PROBLEM: Please, without the pictures, retype exactly the lines from the start of the material through the line that holds "всего 36 квадратов;".

RECORD EXCERPTS:
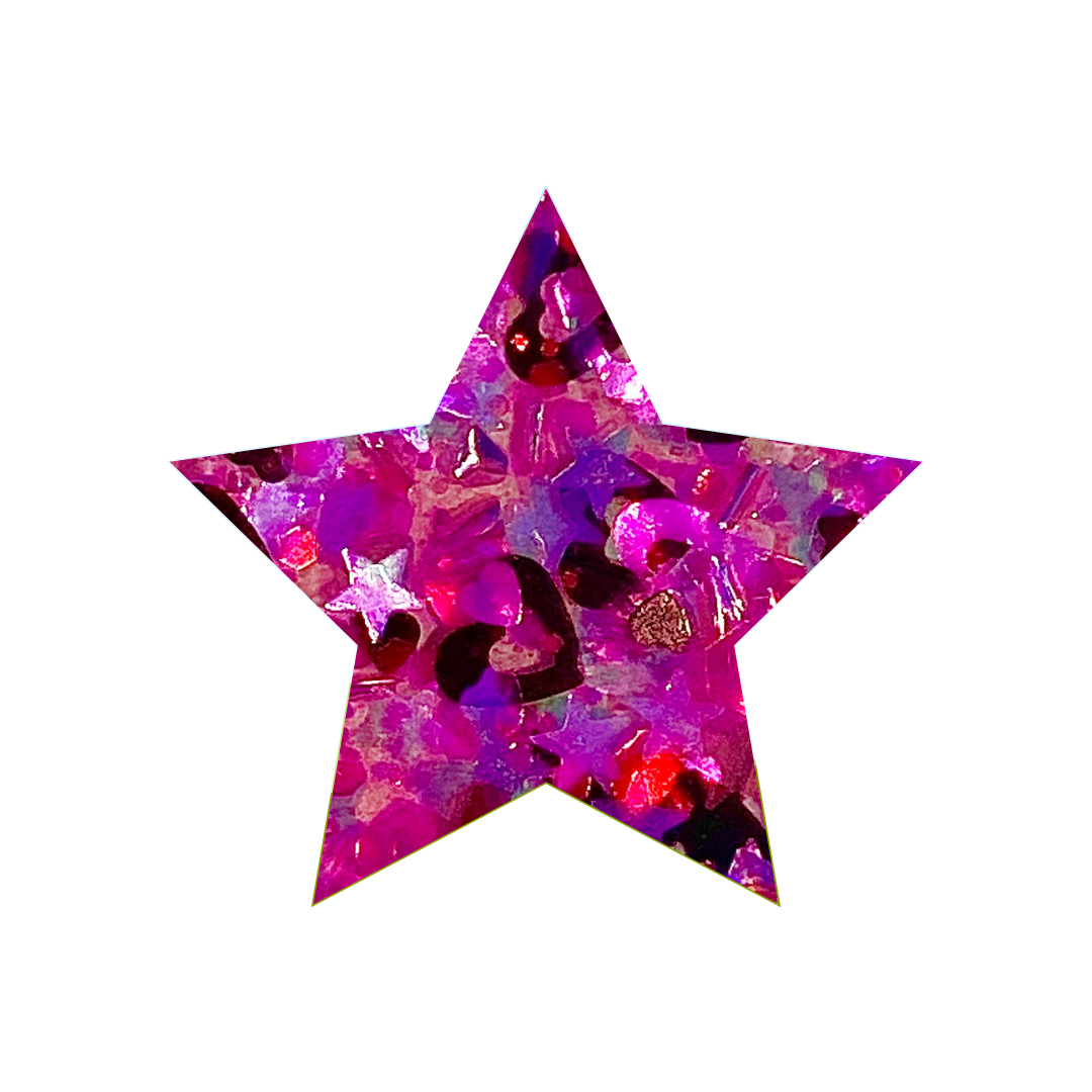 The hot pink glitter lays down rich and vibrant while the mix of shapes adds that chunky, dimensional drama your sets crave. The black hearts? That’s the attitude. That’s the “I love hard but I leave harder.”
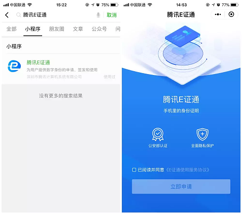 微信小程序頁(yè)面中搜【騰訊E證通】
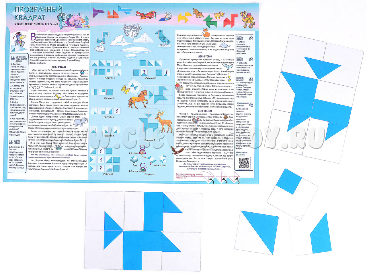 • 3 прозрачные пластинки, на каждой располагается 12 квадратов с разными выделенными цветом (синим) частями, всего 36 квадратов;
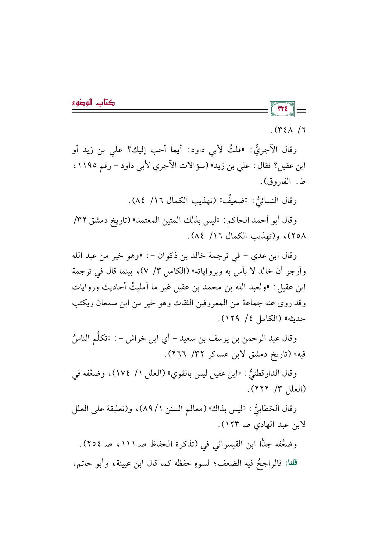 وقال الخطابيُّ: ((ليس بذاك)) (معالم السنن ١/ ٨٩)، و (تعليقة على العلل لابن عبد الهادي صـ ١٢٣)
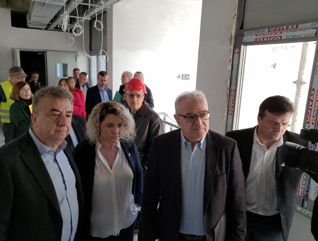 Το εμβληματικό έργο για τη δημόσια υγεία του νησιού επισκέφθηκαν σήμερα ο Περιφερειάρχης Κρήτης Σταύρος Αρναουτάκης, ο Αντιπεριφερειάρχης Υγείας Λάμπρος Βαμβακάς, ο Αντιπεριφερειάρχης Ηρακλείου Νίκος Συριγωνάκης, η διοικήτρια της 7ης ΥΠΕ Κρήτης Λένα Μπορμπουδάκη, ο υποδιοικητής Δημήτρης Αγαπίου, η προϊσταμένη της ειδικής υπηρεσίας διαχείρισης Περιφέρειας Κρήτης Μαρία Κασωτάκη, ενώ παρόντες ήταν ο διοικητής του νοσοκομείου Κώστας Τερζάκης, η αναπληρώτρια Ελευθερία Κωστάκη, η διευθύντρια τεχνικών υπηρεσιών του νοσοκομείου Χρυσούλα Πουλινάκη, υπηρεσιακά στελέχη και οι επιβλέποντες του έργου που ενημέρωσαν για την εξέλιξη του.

SOLUTION BELOW:
 The hot pink glitter lays down rich and vibrant while the mix of shapes adds that chunky, dimensional drama your sets crave. The black hearts? That’s the attitude. That’s the “I love hard but I leave harder.”
 微信小程序頁(yè)面中搜【騰訊E證通】
 • 3 прозрачные пластинки, на каждой располагается 12 квадратов с разными выделенными цветом (синим) частями, всего 36 квадратов;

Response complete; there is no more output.